-------- Dataset excerpt

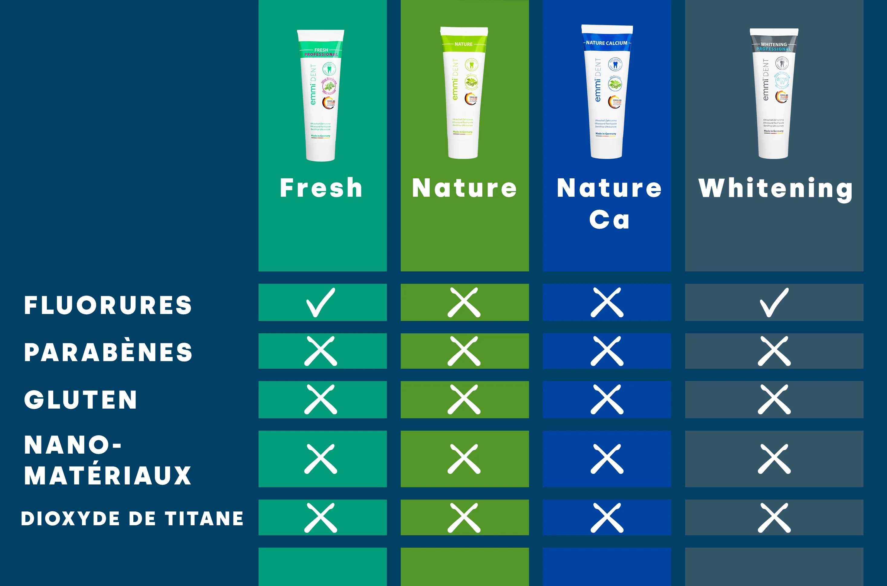 Nature - Le dentifrice ultrasonique emmi-dent Nature a été spécialement développé pour ceux qui préfèrent le sans fluor. Il nettoie en douceur et en soin vos dents et vos gencives. Profitez d'une expérience de nettoyage naturelle.
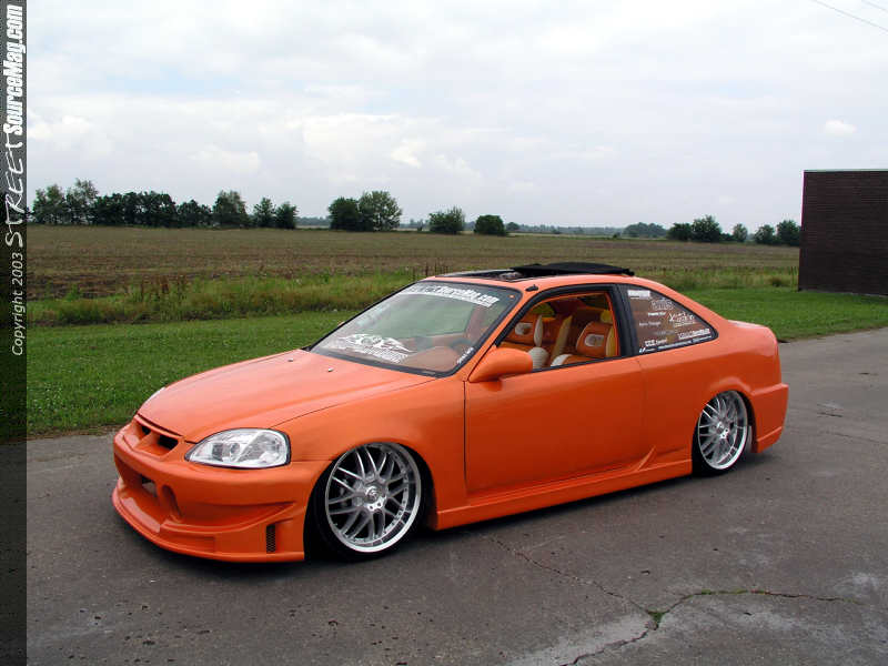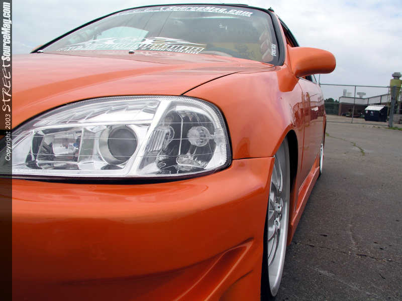 Luke went over the entire car multiple times wet sanding and re-priming the car until it was in mint condition. With the body now ready to accept it's new hue Luke and the crew laid down generous coats of Lamborghini Orange from PPG. Once the body was dry projector headlights were installed into the front clip. In true mini trucker fashion Luke installed a StreetBeat sliding ragtop into the skyline of the Civic.
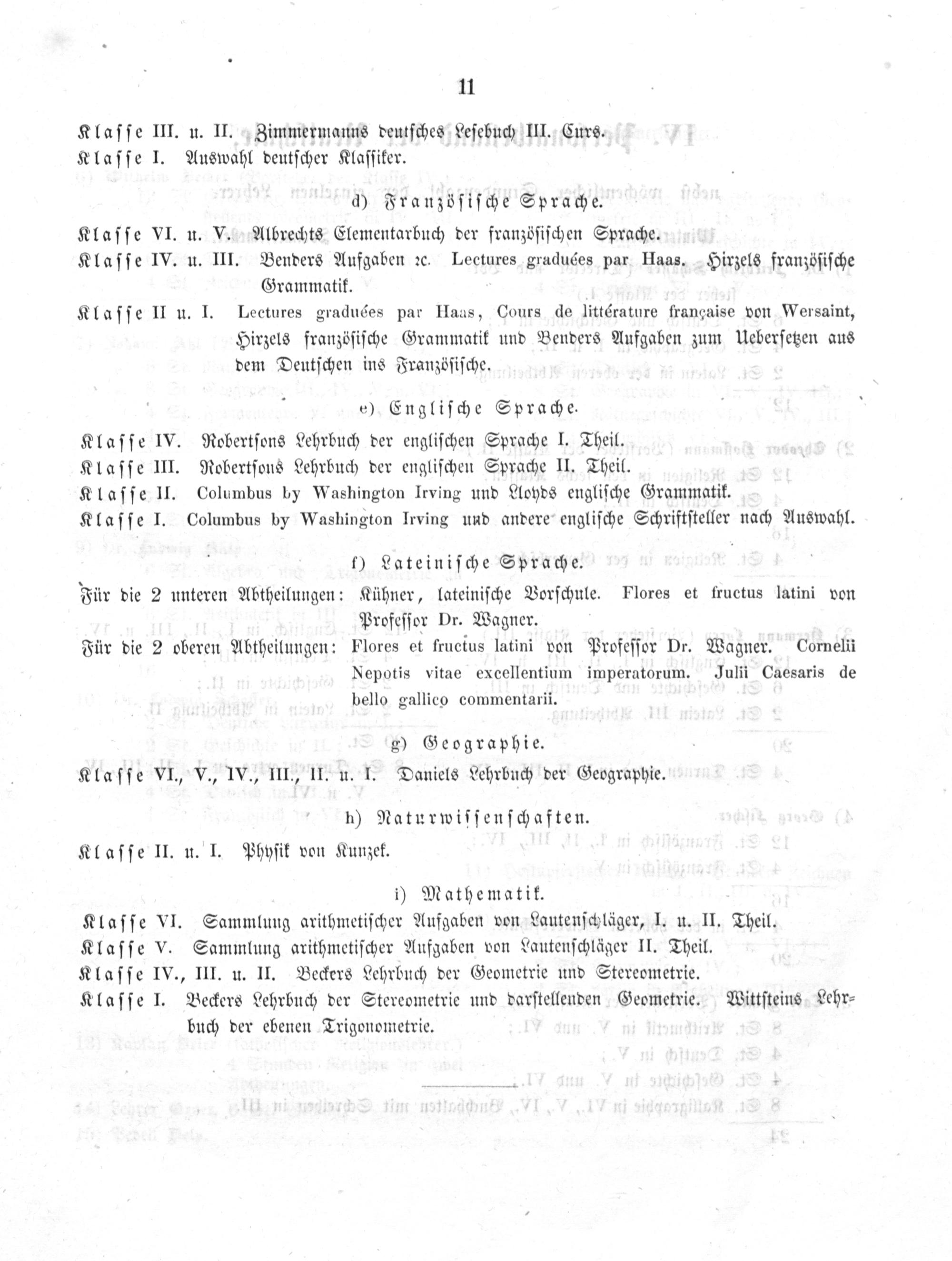 e) Engliſche Sprache. Klaſſe IV.ͤ Robertſons Lehrbuch der engliſchen Sprache I. Theil. Klaſſe III. Robertſons Lehrbuch der engliſchen Sprache II. Theil. Klaſſe II. Columbus by Washington Irving und Lloyds engliſche Grammatik. Klaſſe I. Columbus by Washington Irving und andere engliſche Schriftſteller nach Auswahl.

----------------

## Task description
Skip every picture, and give the rest of the material above again exactly.

## Result of the exercise
 Nature - Le dentifrice ultrasonique emmi-dent Nature a été spécialement développé pour ceux qui préfèrent le sans fluor. Il nettoie en douceur et en soin vos dents et vos gencives. Profitez d'une expérience de nettoyage naturelle.
 Luke went over the entire car multiple times wet sanding and re-priming the car until it was in mint condition. With the body now ready to accept it's new hue Luke and the crew laid down generous coats of Lamborghini Orange from PPG. Once the body was dry projector headlights were installed into the front clip. In true mini trucker fashion Luke installed a StreetBeat sliding ragtop into the skyline of the Civic.
 e) Engliſche Sprache. Klaſſe IV.ͤ Robertſons Lehrbuch der engliſchen Sprache I. Theil. Klaſſe III. Robertſons Lehrbuch der engliſchen Sprache II. Theil. Klaſſe II. Columbus by Washington Irving und Lloyds engliſche Grammatik. Klaſſe I. Columbus by Washington Irving und andere engliſche Schriftſteller nach Auswahl.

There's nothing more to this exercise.